● INSTRUCTIONS TO FOLLOW:
The answer must restate the listing word for word, without its images.

● DATA SHOWN:
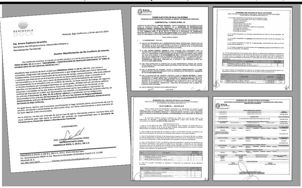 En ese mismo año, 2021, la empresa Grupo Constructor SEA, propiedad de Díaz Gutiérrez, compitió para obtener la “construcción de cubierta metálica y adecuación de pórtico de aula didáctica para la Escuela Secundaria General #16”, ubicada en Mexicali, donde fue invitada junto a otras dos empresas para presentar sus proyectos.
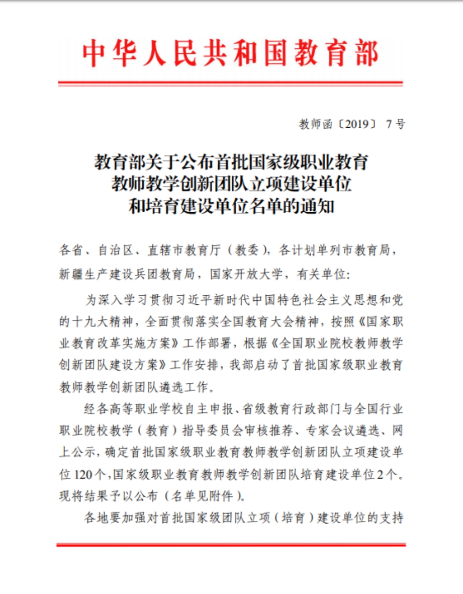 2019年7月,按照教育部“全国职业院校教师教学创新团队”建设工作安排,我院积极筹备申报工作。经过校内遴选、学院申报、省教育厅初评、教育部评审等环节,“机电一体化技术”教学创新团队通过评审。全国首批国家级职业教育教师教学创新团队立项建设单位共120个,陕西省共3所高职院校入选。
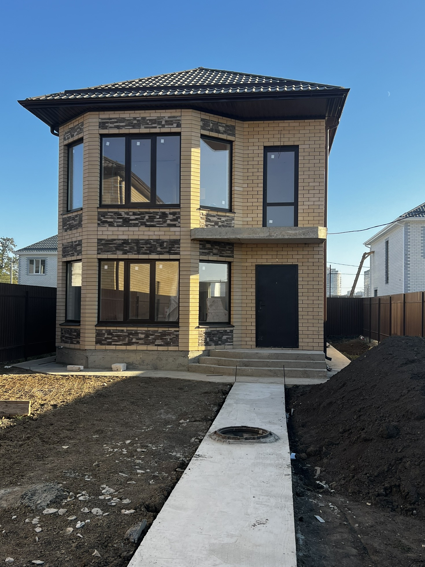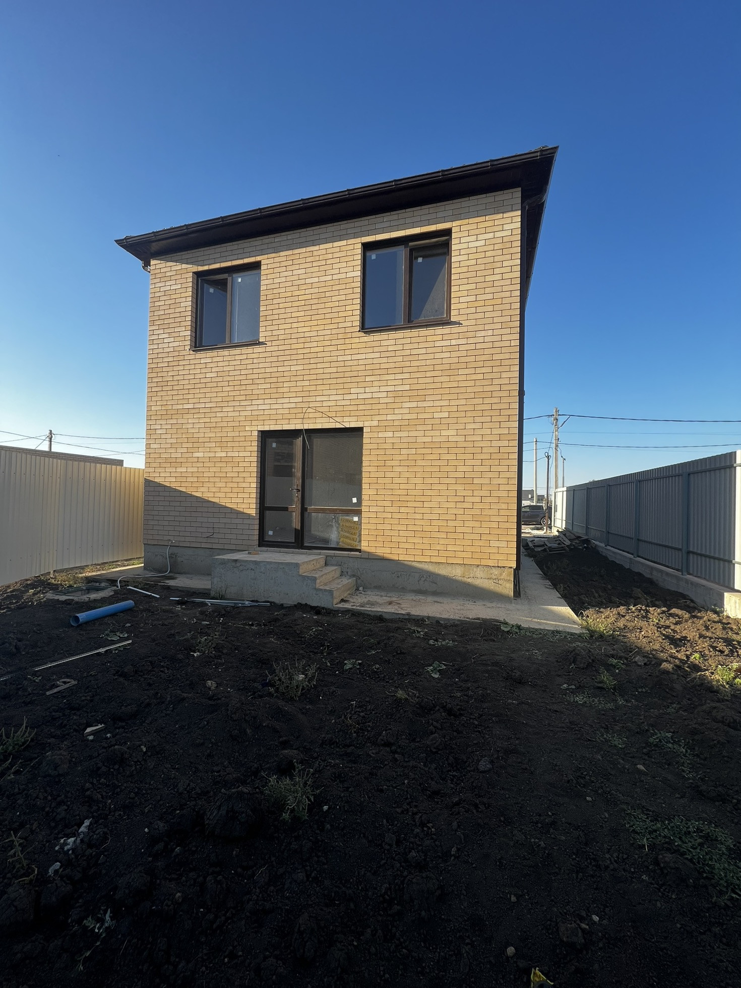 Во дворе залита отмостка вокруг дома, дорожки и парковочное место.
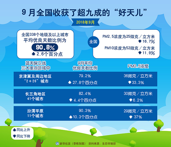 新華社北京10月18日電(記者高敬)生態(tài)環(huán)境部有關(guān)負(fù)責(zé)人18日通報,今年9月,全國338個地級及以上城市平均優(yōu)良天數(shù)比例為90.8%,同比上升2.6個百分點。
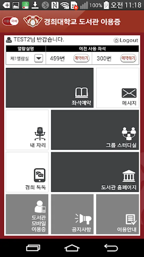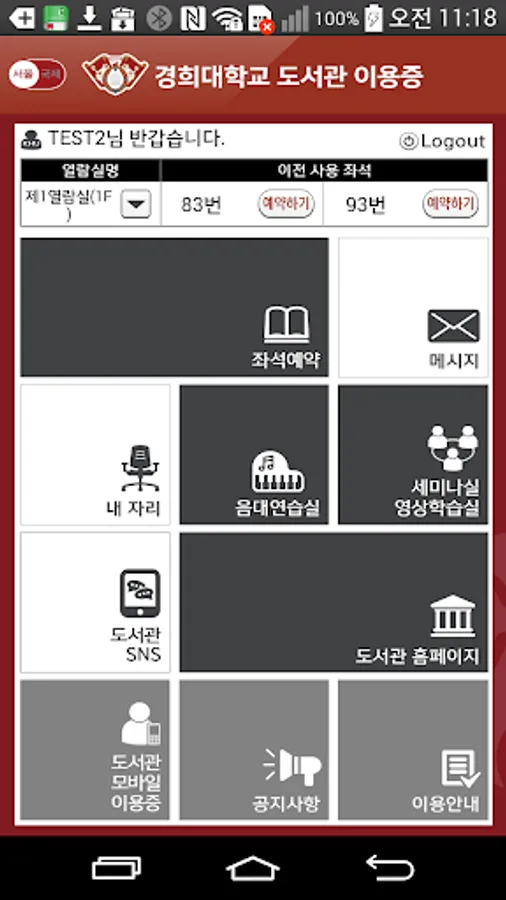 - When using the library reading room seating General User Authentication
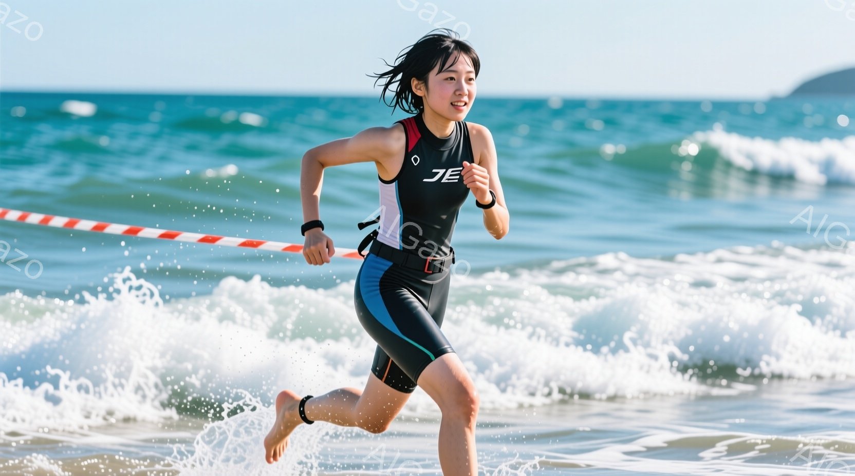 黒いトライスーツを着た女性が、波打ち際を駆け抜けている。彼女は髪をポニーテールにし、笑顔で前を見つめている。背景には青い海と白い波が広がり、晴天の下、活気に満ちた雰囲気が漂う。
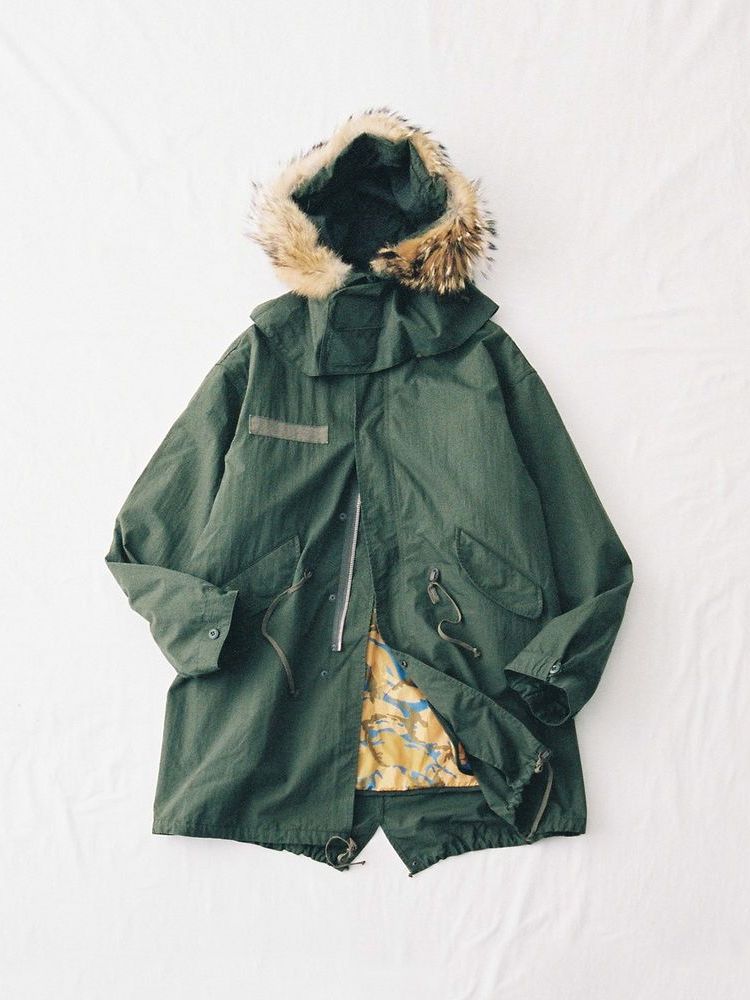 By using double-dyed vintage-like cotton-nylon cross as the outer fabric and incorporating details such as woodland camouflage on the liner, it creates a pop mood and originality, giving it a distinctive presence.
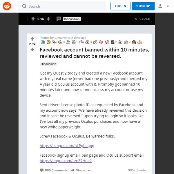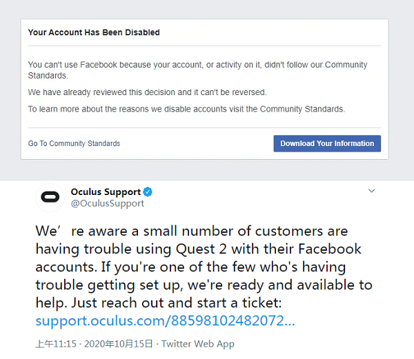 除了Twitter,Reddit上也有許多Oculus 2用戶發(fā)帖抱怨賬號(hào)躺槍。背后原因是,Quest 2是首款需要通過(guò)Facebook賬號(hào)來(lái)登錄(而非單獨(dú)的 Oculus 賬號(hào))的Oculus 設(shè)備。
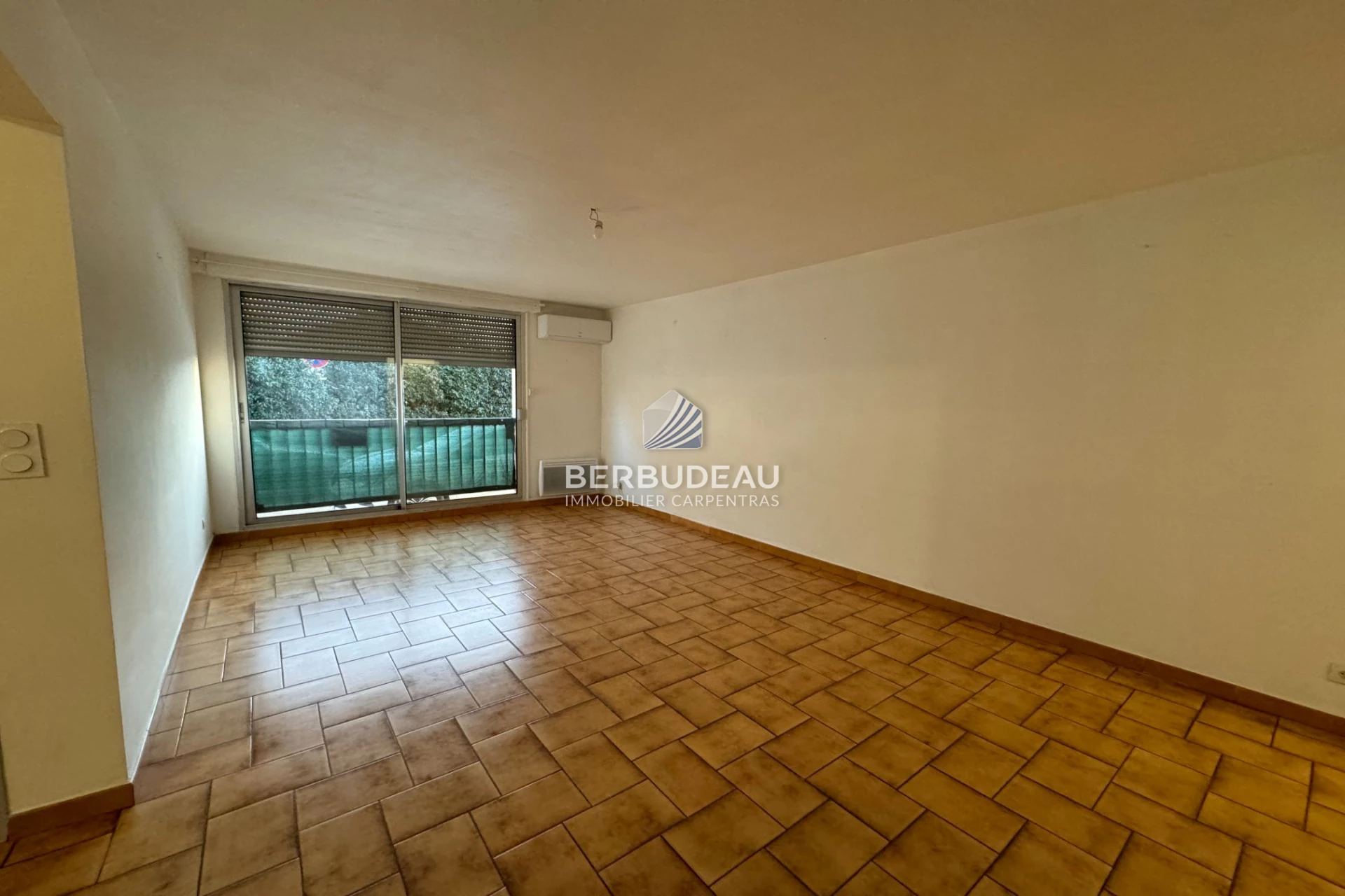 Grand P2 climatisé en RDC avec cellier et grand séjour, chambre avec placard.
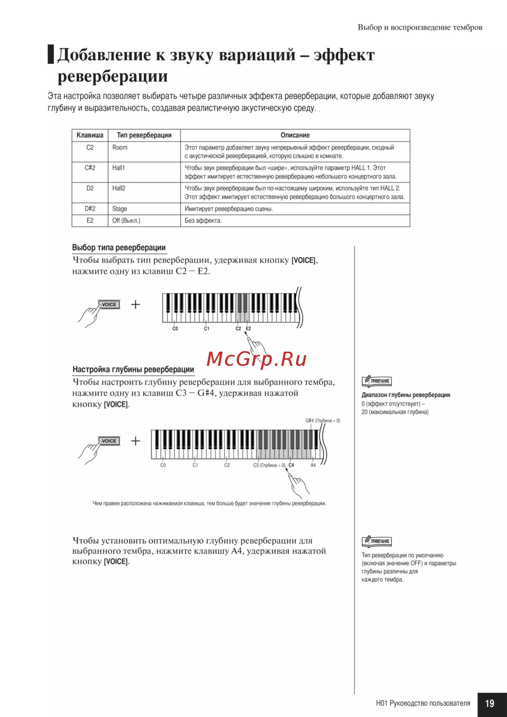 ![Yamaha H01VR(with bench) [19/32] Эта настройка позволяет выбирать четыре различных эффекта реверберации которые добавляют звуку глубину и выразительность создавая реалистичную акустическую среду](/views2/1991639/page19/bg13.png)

● EXERCISE RESPONSE:
 En ese mismo año, 2021, la empresa Grupo Constructor SEA, propiedad de Díaz Gutiérrez, compitió para obtener la “construcción de cubierta metálica y adecuación de pórtico de aula didáctica para la Escuela Secundaria General #16”, ubicada en Mexicali, donde fue invitada junto a otras dos empresas para presentar sus proyectos.
 2019年7月,按照教育部“全国职业院校教师教学创新团队”建设工作安排,我院积极筹备申报工作。经过校内遴选、学院申报、省教育厅初评、教育部评审等环节,“机电一体化技术”教学创新团队通过评审。全国首批国家级职业教育教师教学创新团队立项建设单位共120个,陕西省共3所高职院校入选。
 Во дворе залита отмостка вокруг дома, дорожки и парковочное место.
 新華社北京10月18日電(記者高敬)生態(tài)環(huán)境部有關(guān)負(fù)責(zé)人18日通報,今年9月,全國338個地級及以上城市平均優(yōu)良天數(shù)比例為90.8%,同比上升2.6個百分點。
 - When using the library reading room seating General User Authentication
 黒いトライスーツを着た女性が、波打ち際を駆け抜けている。彼女は髪をポニーテールにし、笑顔で前を見つめている。背景には青い海と白い波が広がり、晴天の下、活気に満ちた雰囲気が漂う。
 By using double-dyed vintage-like cotton-nylon cross as the outer fabric and incorporating details such as woodland camouflage on the liner, it creates a pop mood and originality, giving it a distinctive presence.
 除了Twitter,Reddit上也有許多Oculus 2用戶發(fā)帖抱怨賬號(hào)躺槍。背后原因是,Quest 2是首款需要通過(guò)Facebook賬號(hào)來(lái)登錄(而非單獨(dú)的 Oculus 賬號(hào))的Oculus 設(shè)備。
 Grand P2 climatisé en RDC avec cellier et grand séjour, chambre avec placard.
 ![Yamaha H01VR(with bench) [19/32] Эта настройка позволяет выбирать четыре различных эффекта реверберации которые добавляют звуку глубину и выразительность создавая реалистичную акустическую среду](/views2/1991639/page19/bg13.png)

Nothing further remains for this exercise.